Logical and Physical Addresses
An address generated by the CPU is commonly refereed as Logical Address, whereas the address seen
by the memory unit that is one loaded into the memory address register of the memory is commonly
refereed as the Physical Address. The compile time and load time address binding generates the
identical logical and physical addresses. However, the execution time addresses binding scheme
results in differing logical and physical addresses.
The set of all logical addresses generated by a program is known as Logical Address Space, where as
the set of all physical addresses corresponding to these logical addresses is Physical Address Space.
Now, the run time mapping from virtual address to physical address is done by a hardware device
known as Memory Management Unit. Here in the case of mapping the base register is known as
relocation register. The value in the relocation register is added to the address generated by a user
process at the time it is sent to memory.

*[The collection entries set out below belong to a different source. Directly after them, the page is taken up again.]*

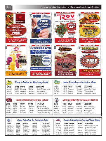 Sat, Feb. 2 8:00 P.M. Morrisburg Char-Lan Char-Lan Recreation Centre Fri, Feb. 1 8:00 P.M. Akwesasne Alexandria Glengarry Sports Palace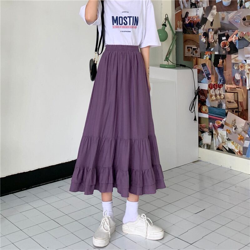 ティアードスカート スカート ボトムス ロングスカート ロング ロング丈 Aライン フリル ウエストゴム かわいい 大人可愛い シンプル カジュアル 大人 おしゃれ お洒落 大人可愛い 大人女子 こなれ感 ラフ ラブリー キュート 無地 春 夏 10代 20代 30代 レディース 女性用 デート お出かけ 着回し 普段使い 韓国 韓国系 ファッション コーデ スタイル モテ インスタ映え フリーサイズ 白 ホワイト 黒 ブラック 紫 パープル | Raforea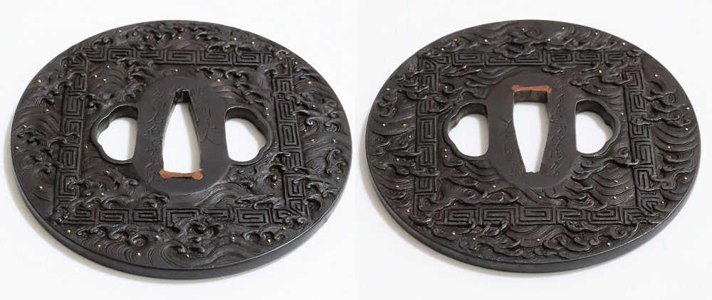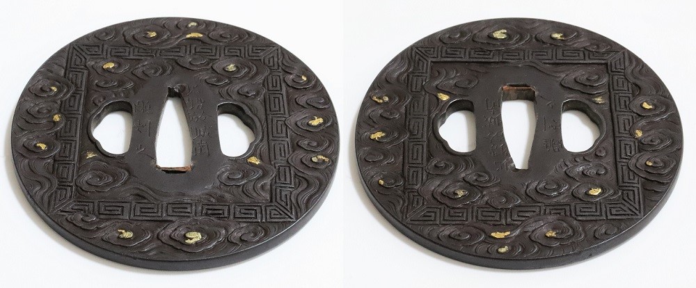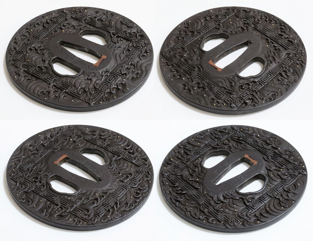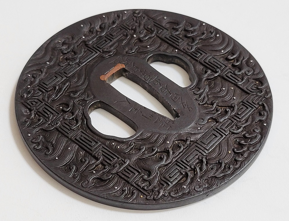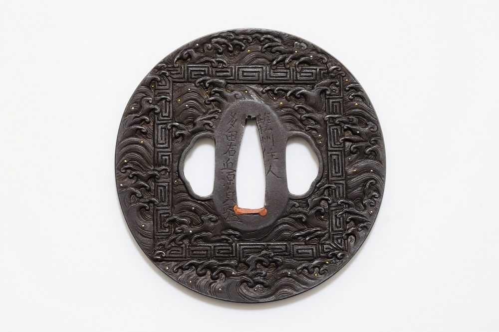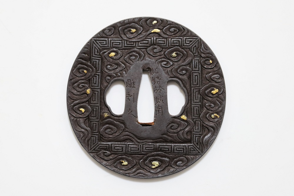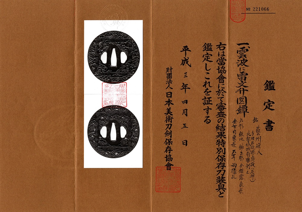 | 貞政は多田氏。右近といい源姓を称した。京都や北伊勢などの地方を遊歴し同地の添銘作を遺す。鉄地丸形に鋤出彫や肉彫の彫法で長州鐔似の作を得意とした。本作は、「芸州住人 多田右近源貞政(花押)・北勢於城南 彫刻之」と長銘。表波濤、裏瑞雲尽くしに表裏正方形の雷文を据え、見事な構図と技量の高さを示している。金工名鑑(小窪健一著)に所載される同工の代表作。特別保存刀装具。 |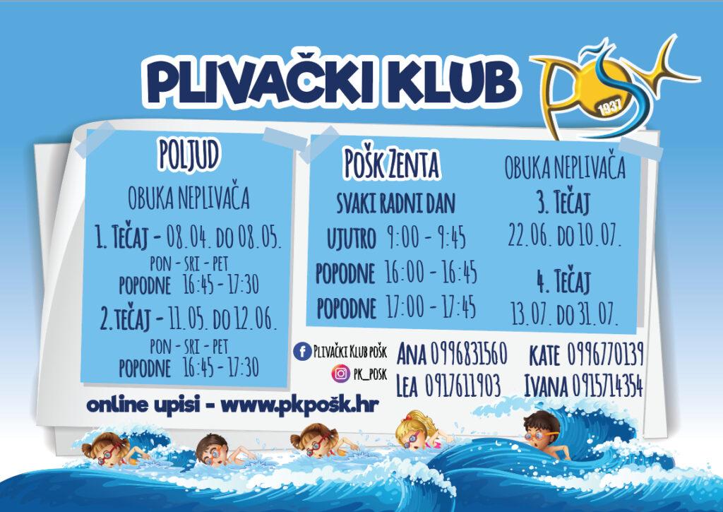 Prva dva tečaja obuke neplivača održavaju se na zatvorenim bazenima Poljud ponedjeljkom, srijedom i petkom u terminu 16:45 – 17:30h. Cijena obuke je 60€, a za drugo dijete plaćate 50% cijene (ukoliko imate djecu u različitim grupama, popust se obračunava na jeftiniju članarinu).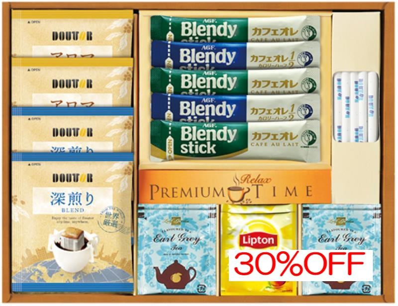 商品内容:内容/ドトールドリップコーヒーアロマブレンド×2・ドトールドリップコーヒー深煎りブレンド×2・リプトンイエローラベル×2・アールグレイ紅茶ティーバッグ×4・ブレンディスティックカフェオレ×3・ブレンディスティックカフェオレ(カロリーハーフ)×2・ドトールスティックシュガー15本×1《乳》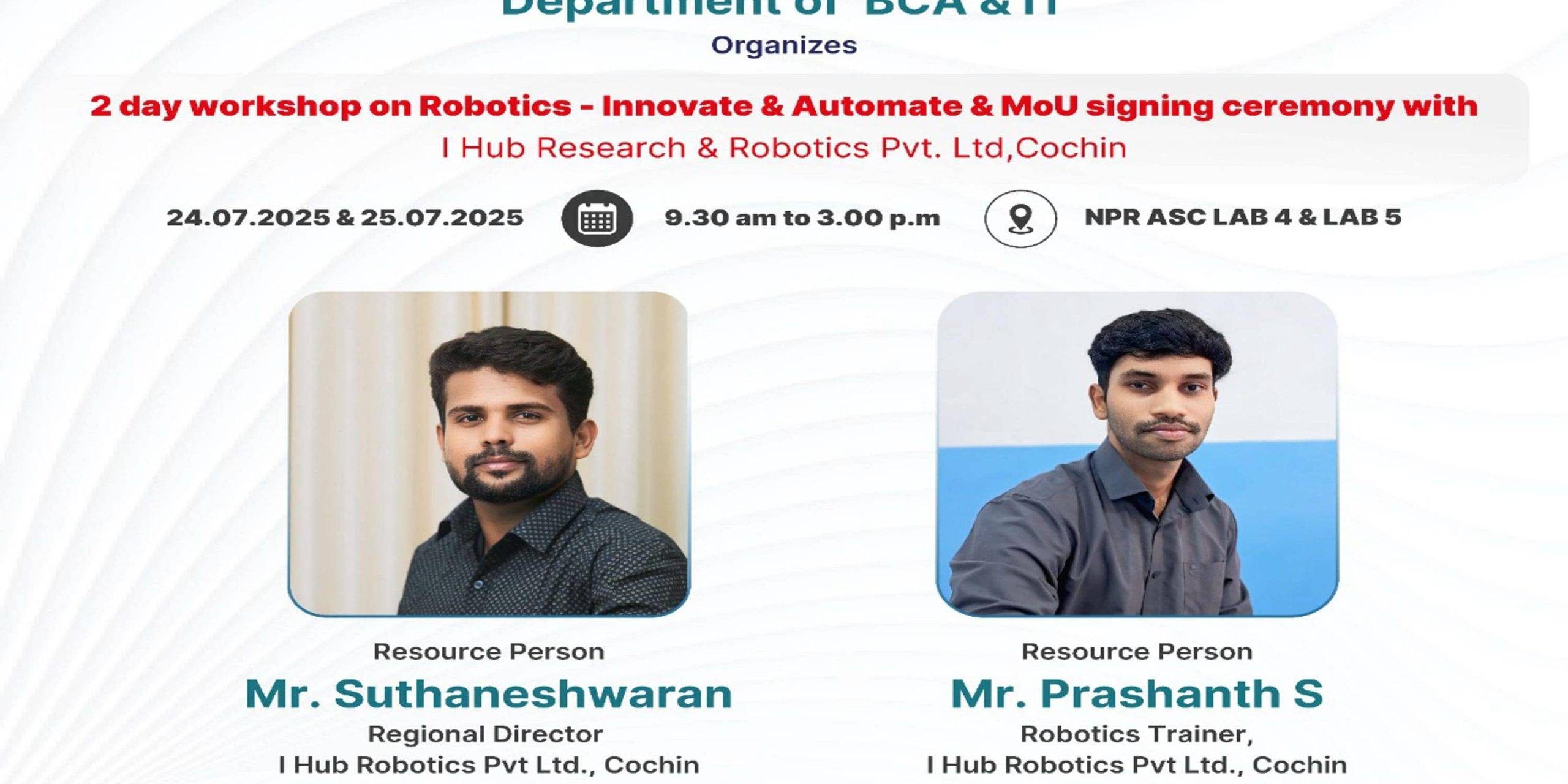 The Departments of Information Technology & Computer Applications are jointly organizes a MoU Signing Ceremony and a 2-Day Workshop on Robotics – Innovate & Automate for their students.

Let's understand this situation with the help of example: If the base register contains the value 1000,then an
attempt by the user to address location 0 is dynamically relocated to location 1000,an access to location 346
is mapped to location 1346.
Memory-Management Unit (MMU)
Hardware device that maps virtual to physical address
In MMU scheme, the value in the relocation register is added to every address generated by a user
process at the time it is sent to memory
The user program deals with logical addresses; it never sees the real physical addresses
The user program never sees the real physical address space, it always deals with the
Logical addresses. As we have two different type of addresses Logical address in the range (0 to
max) and Physical addresses in the range(R to R+max) where R is the value of relocation register.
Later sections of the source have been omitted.